Plans for Exploration post-Completion
During the Due Diligence period Red Rock will, assisted by professional experts, conduct a technical review of its Exploration Programme and of the Assets, and assess the market for prospects of the type and quality of the Assets comprising this proposed transaction.
Related Party Transaction
As Mr Sean Wade is a director of RRAL and is the sole executive Director of POW, the Acquisition is being treated as a Related Party Transaction for the purpose of the AIM Rules, Accordingly, the Directors of Red Rock, all of whom are independent of the Acquisition will consider, following the results of the Company's due diligence inquiries, and having consulted with the Company's Nominated Adviser, whether the terms of the Acquisition are fair and reasonable insofar as the Company's Shareholders are concerned.
The Company will report further on its plans for Exploration at the conclusion of the Due Diligence period.

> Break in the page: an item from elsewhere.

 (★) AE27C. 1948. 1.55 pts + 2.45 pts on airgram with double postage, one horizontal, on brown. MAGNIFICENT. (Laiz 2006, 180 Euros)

For further information, please contact:
Andrew Bell 0207 747 9990 Chairman Red Rock Resources Plc
Roland Cornish/ Rosalind Hill Abrahams 0207 628 3396 NOMAD Beaumont Cornish Limited
Bob Roberts 0203 8696081 Broker Clear Capital Corporate Broking
This announcement contains inside information for the purposes of Article 7 of Regulation 2014/596/EU, which is part of domestic UK law pursuant to the Market Abuse (Amendment) (EU Exit) regulations (SI 2019/310) and is disclosed in accordance with the Company's obligations under Article 17.

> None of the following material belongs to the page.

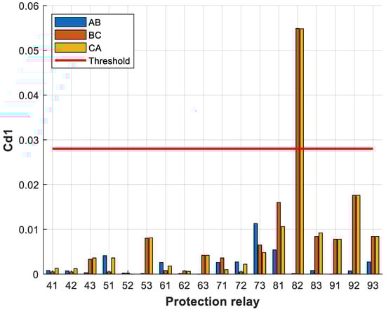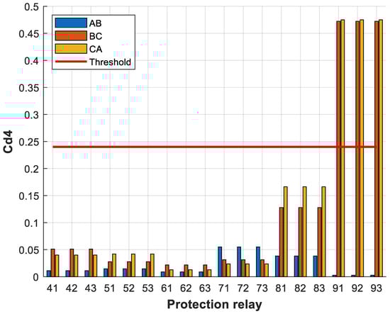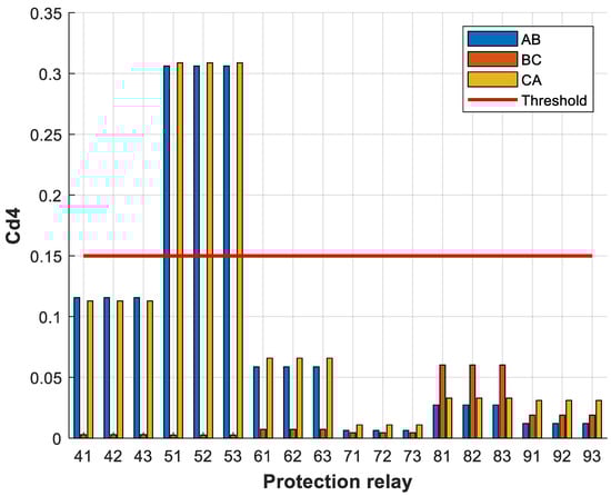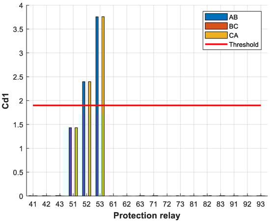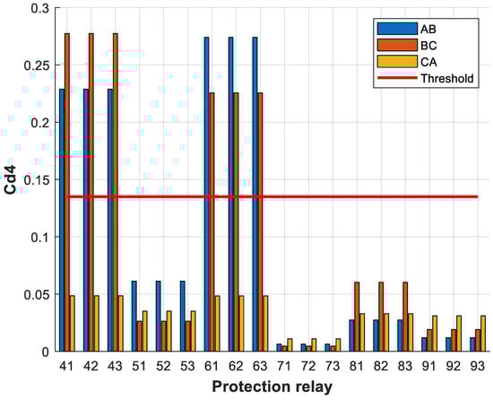 From the results obtained, the voltage threshold was set to 0.135 and the current threshold was set to 0.019. It can be seen from Figure 9 that relays 41, 42, 43, 61, 62 and 63 exceeded the voltage threshold, and from Figure 10 that relays 42, 61 and 62 exceeded the current threshold. In this case, however, only relays 42 and 61 were tripped, as they had the largest difference between the current detail coefficients on each bus. Thanks to the developed protection algorithm, the unnecessary tripping of protection relay 62 was avoided as it was not responsible for protecting the transmission line that connected buses 4 and 6.

Beaumont Cornish Limited ("Beaumont Cornish") is the Company's Nominated Adviser and is authorised and regulated by the FCA. Beaumont Cornish's responsibilities as the Company's Nominated Adviser, including a responsibility to advise and guide the Company on its responsibilities under the AIM Rules for Companies and AIM Rules for Nominated Advisers, are owed solely to the London Stock Exchange. Beaumont Cornish is not acting for and will not be responsible to any other persons for providing protections afforded to customers of Beaumont Cornish nor for advising them in relation to the proposed arrangements described in this announcement or any matter referred to in it.